Navigate to the analysis directory and activate the conda environment:

```bash
cd analysis/
conda activate brieflow_SCREEN_NAME
```

**Note:** Use the `brieflow_SCREEN_NAME` conda environment for all configuration notebooks.


<details>
<summary>View Snakefile code</summary>

```python
include: "targets/preprocess.smk"
include: "rules/preprocess.smk"

if "sbs" in config and len(sbs_wildcard_combos) > 0:

    # Include target and rule files
    include: "targets/sbs.smk"
    include: "rules/sbs.smk"

if "phenotype" in config and len(phenotype_wildcard_combos) > 0:

    # Include target and rule files
    include: "targets/phenotype.smk"
    include: "rules/phenotype.smk"

if "merge" in config:
    MERGE_COMBO_FP = Path(config["merge"]["merge_combo_fp"])
    merge_wildcard_combos = pd.read_csv(MERGE_COMBO_FP, sep="\t")

    # Include target and rule files
    include: "targets/merge.smk"
    include: "rules/merge.smk"

if "aggregate" in config:
    AGGREGATE_COMBO_FP = Path(config["aggregate"]["aggregate_combo_fp"])
    aggregate_wildcard_combos = pd.read_csv(AGGREGATE_COMBO_FP, sep="\t")

    # Include target and rule files
    include: "targets/aggregate.smk"
    include: "rules/aggregate.smk"

if "cluster" in config:
    CLUSTER_COMBO_FP = Path(config["cluster"]["cluster_combo_fp"])
    cluster_wildcard_combos = pd.read_csv(CLUSTER_COMBO_FP, sep="\t")

    # Include target and rule files
    include: "targets/cluster.smk"
    include: "rules/cluster.smk"
```

</details>

## Workflow

A typical module execution follows these steps:

1. **Configure parameters**: Run the respective configuration notebook in `brieflow-analysis/analysis` to set parameters, which are saved to `brieflow-analysis/analysis/config/config.yml`.
   - Example: `0.configure_preprocess_params.ipynb`

2. **Test with dry run**: Use the local `.sh` script with the `-n` flag to perform a dry run.
   - Example: `sh 1.run_preprocessing.sh` (already includes `-n` flag)

3. **Execute full run**: 
   - **Local**: Remove `-n` flag from `.sh` script for local compute
   - **Slurm**: Use `_slurm.sh` script in a tmux session for HPC compute
     - Example: `bash 1.run_preprocessing_slurm.sh`

**Note:** Preprocessing, SBS, and phenotype modules include special slurm scripts that split runs by plate for optimization.

## HPC Integrations

The steps for running workflows currently include local and Slurm integration.
To use the Slurm integration for Brieflow configure the Slurm resources in [analysis/slurm/config.yaml](analysis/slurm/config.yaml).
The `slurm_partition` and `slurm_account` in `default-resources` need to be configured while the other resource requirements have suggested values.
These can be adjusted as necessary.

**Note:** Other Snakemake HPC integrations can be found in the [Snakemake plugin catalog](https://snakemake.github.io/snakemake-plugin-catalog/index.html#snakemake-plugin-catalog).
Only the `slurm` plugin has been tested.
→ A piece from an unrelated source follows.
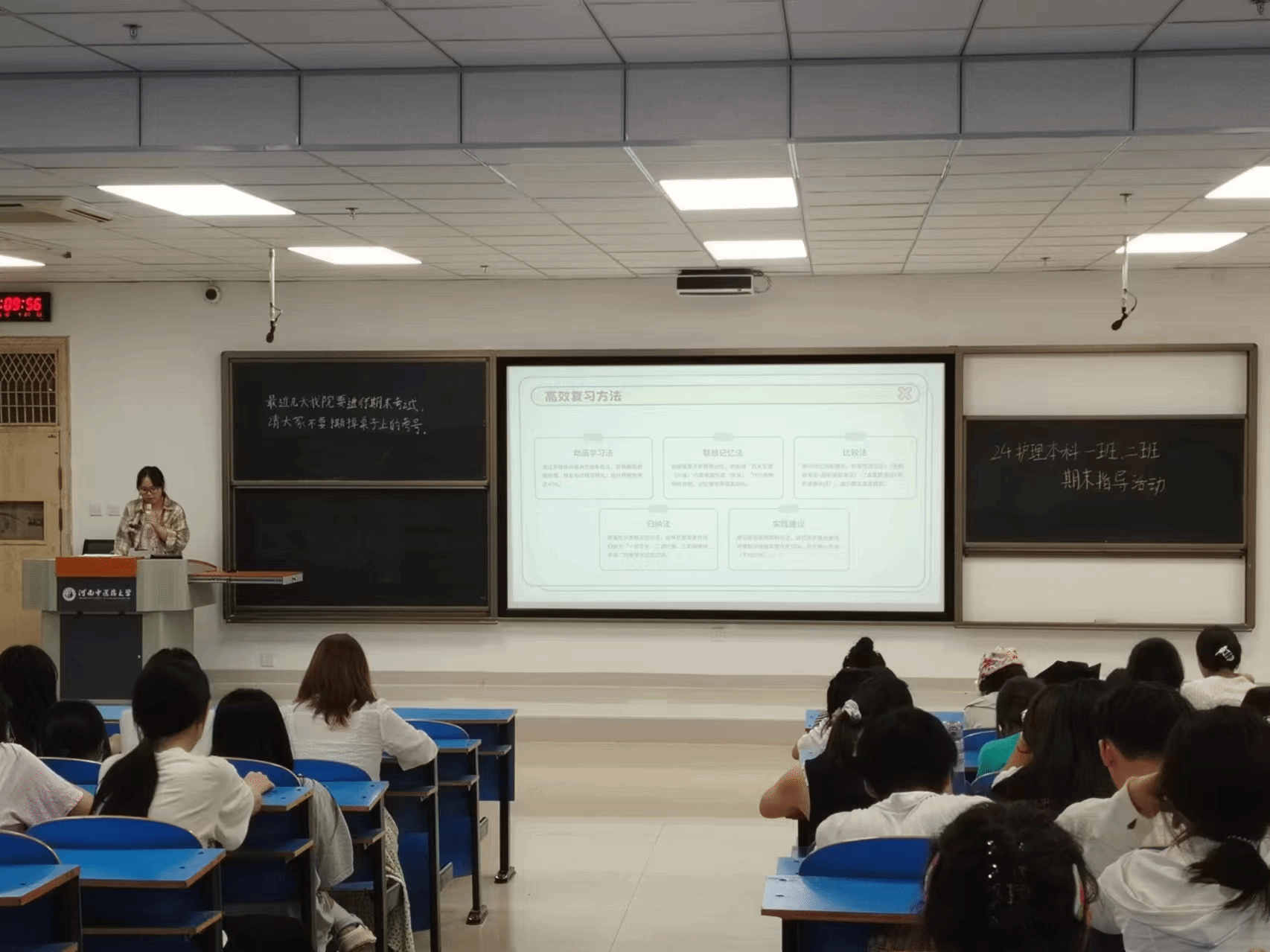 本网讯(文/董雅婷 图/2024级各班)为强化学风建设,助力新生夯实专业基础,万象城awcsport官网(智慧康养护理行业学院)于2025年6月10日、12日面向龙子湖校区2024级全体学生开展了“学霸领航 榜样筑梦”朋辈帮扶活动。活动聚焦生理学课程重难点,邀请彭雅蕾、牛薪静、宋君妍、信雪阳四位“学霸领航团”优秀成员深入班级,分享自身学习经验与期末备考策略。

It is important to understand that these plugins assume that the Snakemake scheduler will operate on the head HPC node, and *only the individual jobs* are submitted to the various nodes available to the HPC. Therefore, the Snakefile should be run through bash on the head node (with `slurm` or other HPC configurations). We recommend starting a tmux session for this, especially for larger jobs.

## Module-by-Module Instructions

### Preprocess

**Configure**: Run `0.configure_preprocess_params.ipynb` to set preprocessing parameters.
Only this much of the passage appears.